2- Under IHL, not only are these facilities considered civil objects by nature and purpose, but they also fall under a particular category of specifically protected objects.  This is what Article 56 API expressly provides in this regard:

 

“Works and installations containing dangerous forces, namely dams, dykes and nuclear electrical generating stations, shall not be made the object of attack, even where these objects are military objectives, if such attack may cause the release of dangerous forces and consequent severe losses among the civilian population”.

 

This means that under the laws of warfare, the humanitarian cost of attacking such hazardous installations is deemed to be so high that no military considerations will likely justify their targeting.

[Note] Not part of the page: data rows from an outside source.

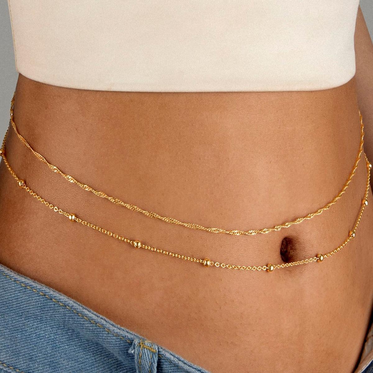 Gold single layer ball chain waist chain, Silver single layer ball chain waist chain, Gold double chain waist ...
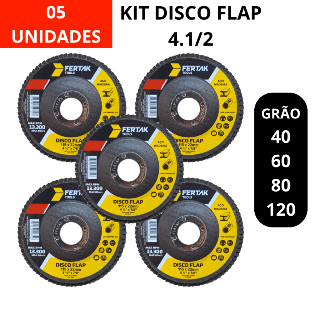 Kit 05 Unidades Disco Flap 4.1/2 Grão 40 60 80 120 Fertak Tools
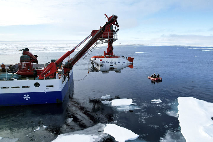 2025年8月11日,“蛟龙”号在北极冰区准备下潜。新华社记者刘诗平摄
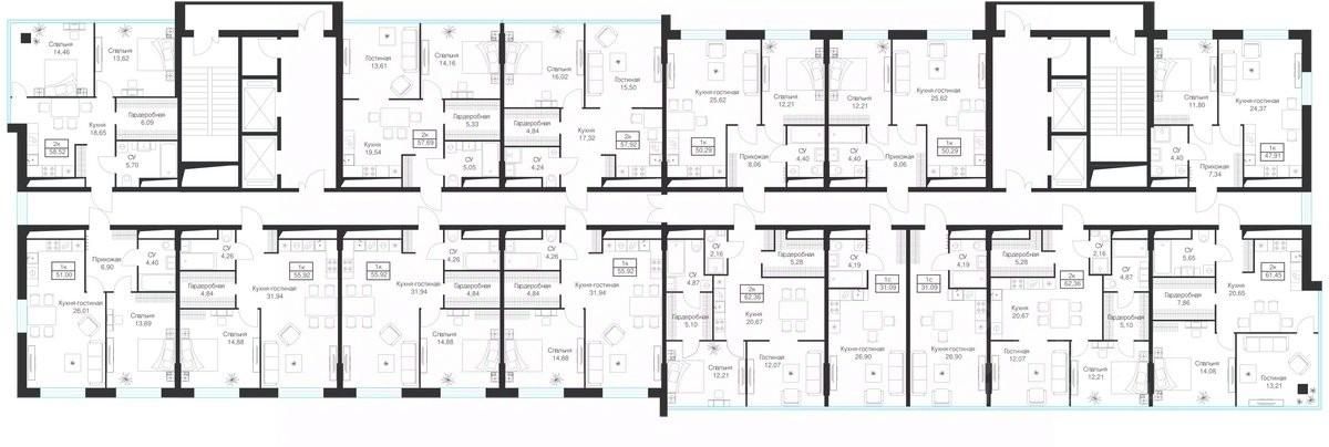 Продаются 1-комнатные апартаменты 51 кв.м. на 20-м этаже 20-этажного комплекса.
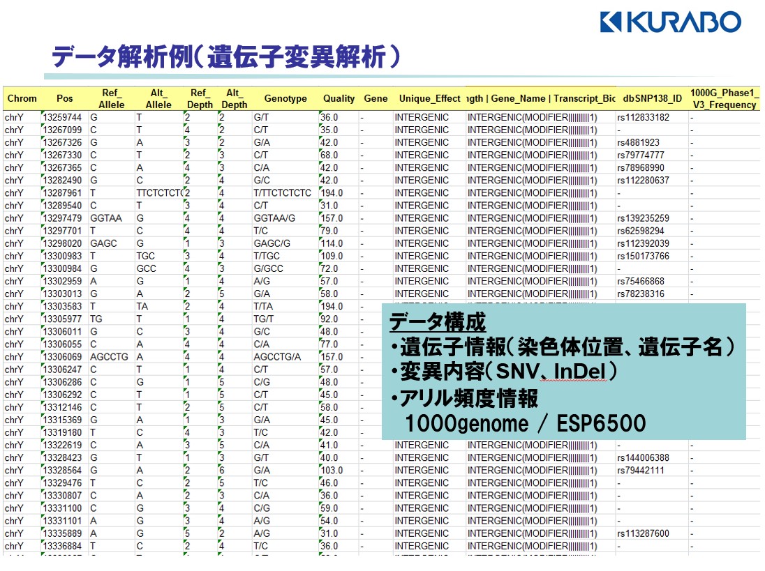 各染色体部位において検出した遺伝子変異情報(SNP, short InDel)をエクセルファイルにて報告します。変異情報としては①変異を検出した染色体部位(染色体番号、塩基番号)②変異情報(標準 / 変異塩基配列情報、シーケンス頻度)③変異箇所の遺伝子情報(遺伝子名、各種データベースID、変異頻度など)となります。(
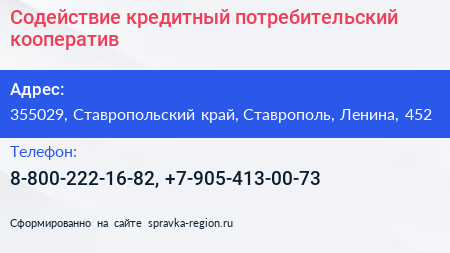 Содействие, кредитный потребительский кооператив по адресу 355029, Ставропольский край, Ставрополь, Ленина, 452 в дальнейшем Организация, размещена в следующих категориях:
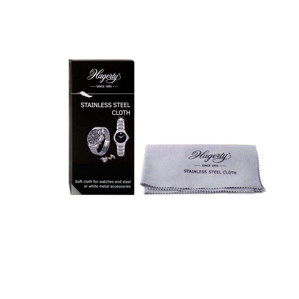 100% ecological cotton cloth, impregnated with Hagerty s exclusive formula, that quickly cleans and brings back the sparkle of stainless steel items: watches and accessories. Soft cloth that avoids micro-scratches and protects jewellery. How to use: Gently buff the objects with the cloth. Size: 30 x 36 cm
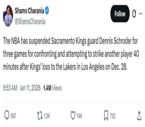 11日早ESPN名記Shams突然在社媒放出重磅消息,曝出國(guó)王后衛(wèi)施羅德被禁賽3場(chǎng),原因是在12月29日湖人對(duì)陣國(guó)王賽后40分鐘,施羅德與湖人一名球員發(fā)生沖突,并試圖毆打?qū)Ψ健?/p>
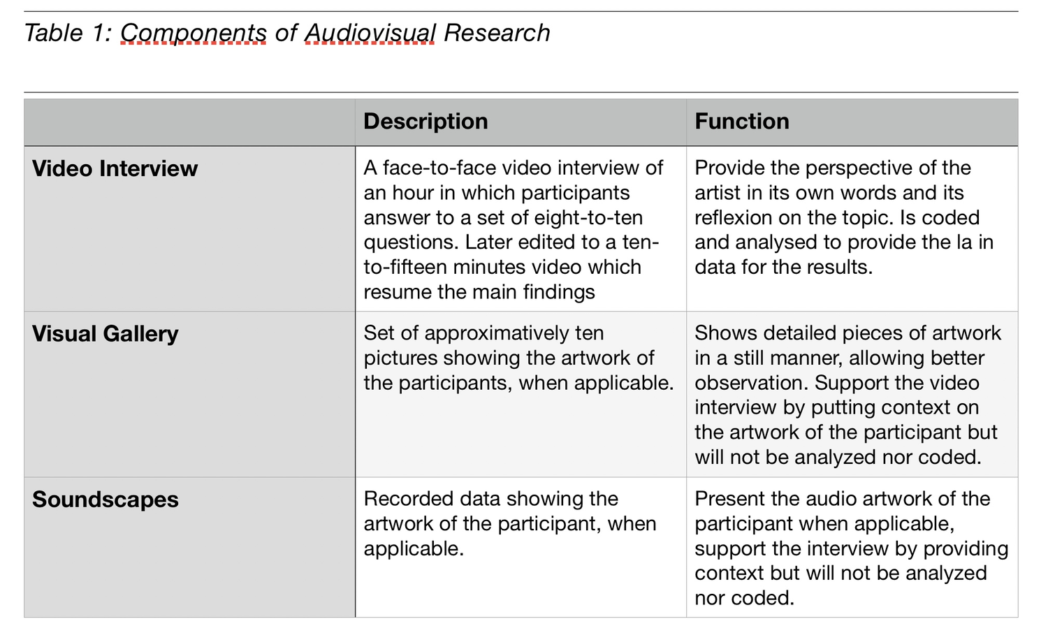 The research methodology being audiovisual research, it will consist of a combination of face-to-face video interviews of a sample of youth population (the participants), a visual gallery of the artwork of such participants to support the interview with still imagery or soundscape depending on the discipline, and an explanatory text to summarise the profile and the main information collected. The final content for analysis will be articulated around the five profiles of participants and their presentations. Afterward, a result section will compile the relevant data acquired with respect to the research questions.
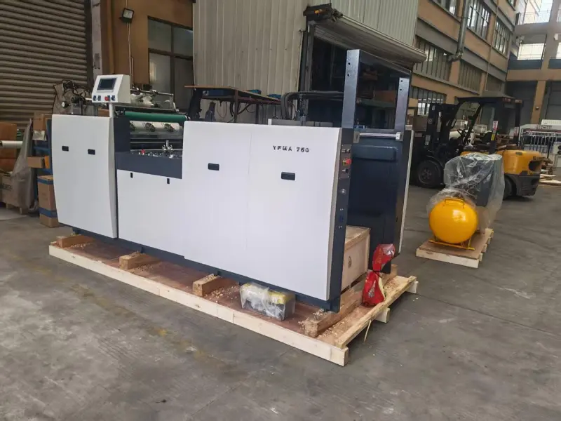 हामी YFMA-760 प्याकेज गर्दैछौंस्वचालित प्रि-कोटिंग ल्यामिनेटिंग मेसिन, अन्तमा, यसलाई काठको टोकरीमा प्याक गरिनेछ।

In fact, some authors even argue that attacking nuclear installations should be subject to an absolute prohibition just as the use of chemical and a biological weapons is, no matter what “military advantage” their destruction could confer to the assailant.

 

3- Since Iran’s nuclear sites are built too deep underground to be reached by the conventional weapons, it is often stated that their destruction would require the use of “Hard Target Penetrating Weapons” such as nuclear bunker busters. Of course, the radioactive fallout from the detonation of such weapons - and the potential catastrophic humanitarian and environmental effects of their use – could be a grave violation of IHL in its own right.

 

According to Article 51 of API the “civilian population and individual civilians shall enjoy general protection against dangers arising from military operations”. Hence, indiscriminate attacks –namely those which employ a method or means of combat the effects of which cannot be limited – are explicitly prohibited.

 

A further prohibition of the employment of such radiation-releasing weapons could also arise from Article 35 (3) of Additional Protocol I which prohibits methods of warfare the use of which is expected to “cause widespread, long-term and severe damage to the natural environment”.

 

Of course, much more could be said about the illegality of targeting Iran’s nuclear installations from an IHL perspective. But the point here is to bring to spotlight a dimension of the question that has been unjustifiably omitted in public and legal debates. Let’s not forget that the question is not just about attacking Iran. It’s also about attacking “nuclear sites” - with all the humanitarian consequences that this entails.